Highlight the LSOAs with high concentrations of social renting on a map.

In [None]:
# YOUR CODE HERE

## 2.	Exploring ethnicity and deprivation (55%)

The dataset `ethnicity.csv` holds counts of people by ethnic group and an indicator of the level of deprivation where higher values mean areas are more deprived.  The column headings are explained below:

**Table 3 - ethnicity and area deprivation**

Code |	Description
--|--
wbrit |	White British
wirish |	White Irish
wother |	White other
mixed |	Mixed
indian | Indian
pakist |  Pakistani
bangla | Bangladeshi
chinese	| Chinese
othasian | Asian other
blafrican | Black African
blcarrb	| Black Caribbean
blother	| Black other
other |	Other ethnic group
IMD	 | Index of Multiple Deprivation score (higher means more deprived)

In [None]:
ethnicity = readtable("ethnicity.csv")
head(ethnicity)

**Question 2. a) [10%]**	calculate new columns for the white other, Indian, Pakistani, Bangladeshi and black African ethnic groups to show the standardised likelihood that they are living in each LSOA. Name your columns `sl_wother`, `sl_indian`, `sl_pakist`, `sl_bangla` and `sl_blafrican`. You might like to experiment with plotting your new columns on a map.

In [None]:
# YOUR CODE HERE

In [None]:
@test sum(ethnicity[:sl_wother] .> 1.0) == 67
@test sum(ethnicity[:sl_indian] .> 1.0) == 82
@test sum(ethnicity[:sl_pakist] .> 1.0) == 42
@test sum(ethnicity[:sl_bangla] .> 1.0) == 42
@test sum(ethnicity[:sl_blafrican] .> 1.0) == 62

**Question 2.b) [10%]**	create summary statistics (mean, standard deviation, minimum and maximum) of the standardised likelihoods for each ethnic group

In [None]:
# YOUR CODE HERE

**Question 2. c) [10%]** create a histogram showing the standardised likelihood for each ethnic minority group by LSOA. You may prefer to make a series of histograms, one for each ethnic minority.

In [None]:
# YOUR CODE HERE

Whilst there is heterogeneity within ethnic groups sociologists have suggested that some are more likely to live in deprived areas.

**Question 2. d) [15%] **	produce scatterplots between the concentration of each ethnic group and the Index of Multiple Deprivation.  Is there a relationship between each ethnic group and deprivation?
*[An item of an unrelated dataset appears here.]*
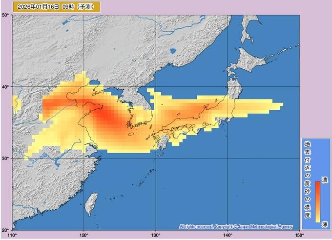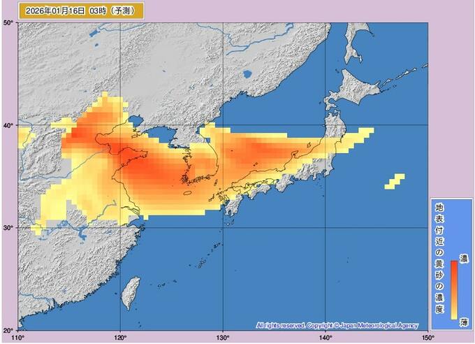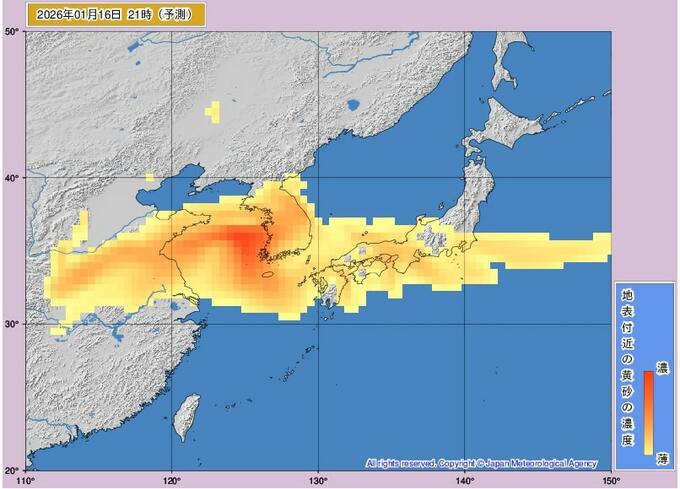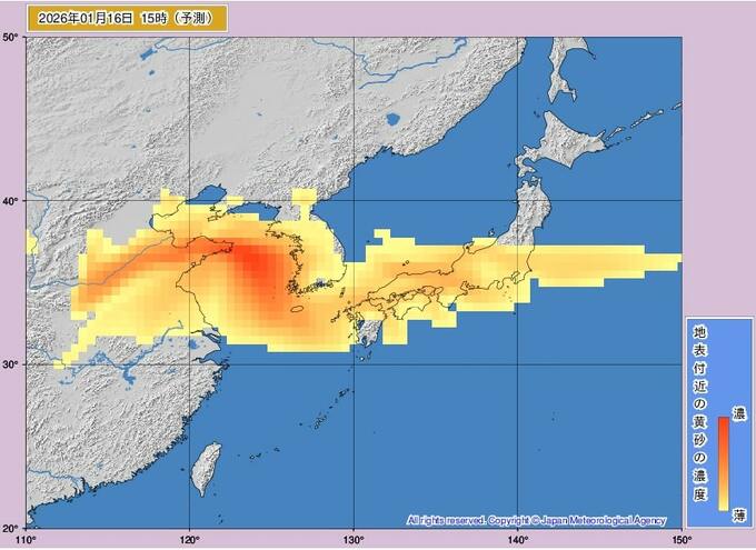 ニュースクリップ 【黄砂情報】16日から17日にかけて広範囲で飛来か…東シナ海から西日本、北日本も 洗濯物の外干しや外出時の対策に注意【黄砂シミュレーション】 2026年1月14日(水) 12:16 国内 暮らし・マネー 16日(金)黄砂解析予測シミュレーション 16日3時予想 16日9時予想 16日15時予想 16日21時予想

Is it positive or negative?

*Hint*: It may be useful to fit a regression line to assess the relationship, e.g. using the `smooth=true` optional argument to `scatter()`, which adds a regression line to the plot.

In [None]:
# YOUR CODE HERE

YOUR ANSWER HERE

**Question 2. e [10%]** Devise your own metric to compare the concentrations of each ethnic minority in LSOAs across Coventry and plot a bar graph to compare the different ethnic groups.

In [None]:
# YOUR CODE HERE

Which minority group is the most concentrated?

YOUR ANSWER HERE

## 3. Bonus Question (no marks)

The file `migqual.csv` contains counts of the number of people who were born in the UK or when they moved here.  The first set of data is for all residents, the second for those with level 4 qualifications.  The variables in the file are shown in Table 4.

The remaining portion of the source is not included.